Fig 1.
Overview of the COVIDomic platform.
The user can upload transcriptomic, metatranscriptomic and clinicopathological data, which is used together with the internal data collection as an input for a comprehensive set of quantitative analyses, including patient stratification, survival, disease course and risk factor analysis. All results of the analysis can be visualized using tools provided by the platform and a comprehensive report can be downloaded by the user.
Fig 2.
Metatranscriptome analysis for COVID-19 patients.
The Schematic chart summarizes the data processing pipeline. Green boxes represent different data sets which are either used as an input or provided as output. White boxes represent the different scripts and software used to perform data processing. See main text for details.
Fig 3.
Overview of selected functionalities offered by the platform and their associated displays.
These results were generated using experimental samples obtained from [33], which includes metatranscriptomic data for 8 severe and 23 non-severe COVID-19 cases. (A) PCA analysis of microbial abundance. (B) Average taxonomic abundance (X-axis: different taxa, ordered from left-to-right in the same order as in the graph legend. Y-axis: logCPM (counts per million expressed in base 10 logarithm)). (C) Interactive plot which can be used to select the samples to be used for microbial differential presence analysis. (D) Additionally, two groups can be chosen manually to perform a subsequent analysis using the deseq2 software.
Fig 4.
Overview of selected functionalities offered by the platform.
(A) A bar plot shows the presence of the most common microbial classes, the number and level of the taxa could be specified by the user. (B) The heatmap shows the expression levels of the genes known to provide resistance to certain antibiotics. The dataset used to generate the plots was obtained from [33].
Fig 5.
LR coefficients obtained from the biochemistry data.
LR model provides direct access to the computed coefficients and summarizes information about the contribution of each feature in the final output. The positive or negative coefficient values indicate an increased or decreased weight passed to the logistic function, which results in obtaining a positive or negative answer, respectively. In our analysis of the disease progression, severe cases were labeled as positive. This allows the identification of the biochemical features related to case severity. To generate compatible coefficient values for parameters with different ranges (e.g. lymphocyte count typically ranges from 0 to 3 while CRP ranges from 0 to 200) we normalized the data using the l2 normalization.
Fig 6.
Results from the DT model trained on the biochemistry data.
The DT is a directed graph based model which consists of nodes, leaves and edges. Each node contains a decision with two output edges for True and False rule, with the exception of the terminal nodes, which are called leaves and denote the class label. For each sample we can manually move from the root to a leaf by checking each node’s rules. As this model is prone to overfitting, we limited the depth of the tree to 3 and the minimum number of samples in the leaf to 120 (5% of the larger class). This approach allows monitoring the most stable and important decision rules which distinguish severe and non-severe cases.
Fig 7.
Scores obtained with the two best models: LGBM and LR.
Bar plot (A) and radar plot (B) are shown. Results were obtained using 5-fold 20% cross validation. LGBM obtained a f1 score of 0.77, compared to 0.74 for LR.
Fig 8.
Feature importance analysis using SHAP method.
Manhattan plot. Feature importance based on the LGBM model, computed using the SHAP method.
Fig 9.
Feature importance analysis using PFI method.
Manhattan plot. Feature importance based on the LGBM model, computed using the PFI method.
Fig 10.
Analysis of the predicted features common to the PFI and SHAP methods.
The top 12 mutations predicted by both methods are depicted (See Table 1 and main text for details).
Table 1.
Top 12 overlapping Genomic features and amino-acid changes obtained with the PFI and SHAP methods.

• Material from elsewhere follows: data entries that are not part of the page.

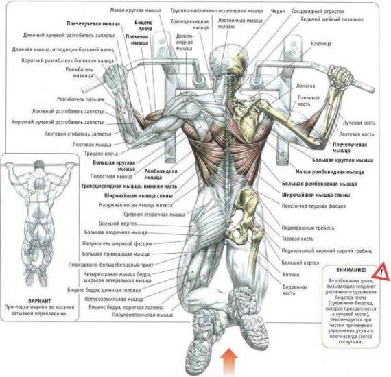 - Максимально вовлекают мышцы спины и, в меньшей степени, мышцы рук.
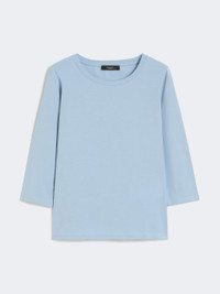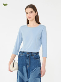 DETAILS A basic T-shirt with a versatile look. - The fabric of this item is made from at least 50% cotton fibers, grown and processed according to organic farming systems - Stretch cotton jersey T-shirt - Straight fit - Boat neckline - Set-in 3/4 sleeves - Small butterfly logo on the back of the neck COMPOSITION AND CARE 95% cotton, 5% elastane. Machine wash cold delicate cycle; do not bleach; do not tumble dry; flat drying in the shade; cool iron; do not dry clean; professional wet cleaning - very mild process.; iron with a cloth between.; using neutral detergent.; turn the articles inside out before washing.; to be ironed on reverse. Distributed by Max Mara S.r.l., registered office in Reggio Emilia (Italy), Via Giulia Maramotti 4, 42124 (IT) Collection: Weekend Max Mara Product code: 5971016106008 - WKDMULTIA
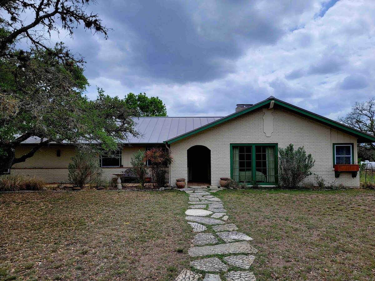 Oplev en rolig "tilbage til naturen"-ferie! Spektakulær udsigt og masser af dyreliv. Romantisk, afsondret i et pænt indrettet hus med alt, hvad du har brug for! Nyd lokale vingårde eller se whitetail hjorte, bæltedyr, ræve, vilde grise og South TX sjældne fugle på ejendommen! De fleste gæster kommenterer stilheden og stjernerne på himlen! Vandre på vores areal, besøg vingårdene, tag på dagsture i nærheden eller bare slap af!
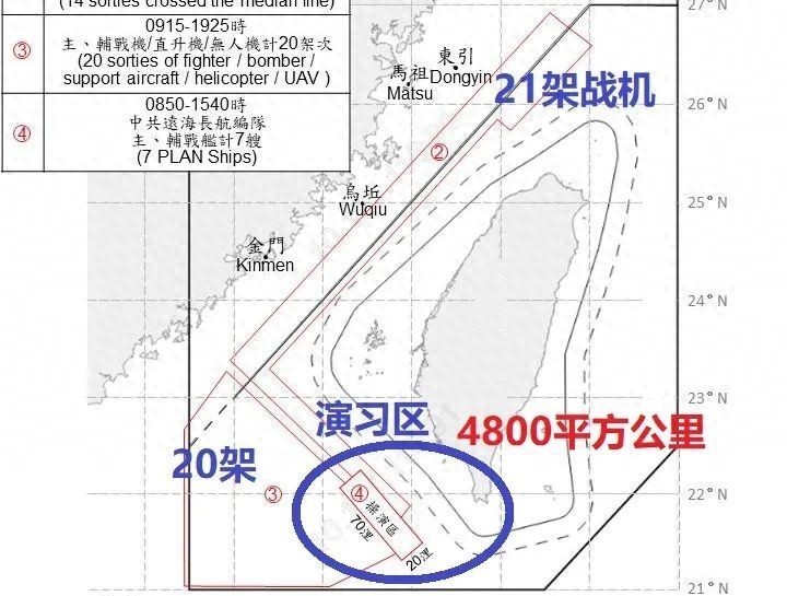 其中34架次战机分别从台海的中部及西南空域进入,抵近台岛。同时在台岛的西南及东部海域共有14艘军舰及1艘公务船配合行动。这些舰船分别在西南方向及台岛的东部。
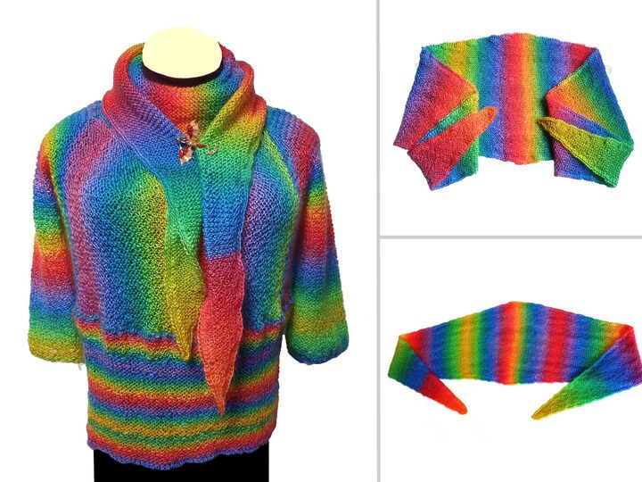 Das flache Tuch hat 2 Knäuel benötigt und ist nicht nur ein Accessoire in Verbindung mit dem Pullover. Es kann auch mit anderer Kleidung kombiniert werden.

(* Amino acid position in ORF1ab polyprotein is provided).
Fig 11.
Description of approaches for building models on different data types.
Two different approaches were considered for combining two types of data. (Left) The first method builds a model ensemble by combining two models trained separately on the two types of datasets (biochemistry data and viral genome data). (Right) The second approach is based on training a new model on a dataset made of both data types combined together.
Fig 12.
Results for the training of models on various types of data.
Bar plot (A) and Radar plot (B) are sown. f1 scores obtained for four models designed to distinguish severe from non-severe COVID-19 cases. The first model was trained solely on biochemistry data, the second one on viral genomic data only, the third one was trained on a combined data sets made of biochemistry and viral data, while the last one is a model ensemble obtained by combining two models trained separately on the two types of datasets (biochemistry data and viral genome data). The data were merged and the model ensemble was designed using the soft voting function implemented in sklearn. Synthetic (oversampled) biochemistry data were used to increase the size of the biochemistry dataset used alongside the experimental viral genomic data.
Fig 13.
PFI and SHAP values for the feature importance analysis.
The features from the biochemistry data have significantly higher scores than the features from the viral genome data for both approaches. The biochemistry data were generated separately for severe and non-severe cases, and therefore could have been identified by the model as most important.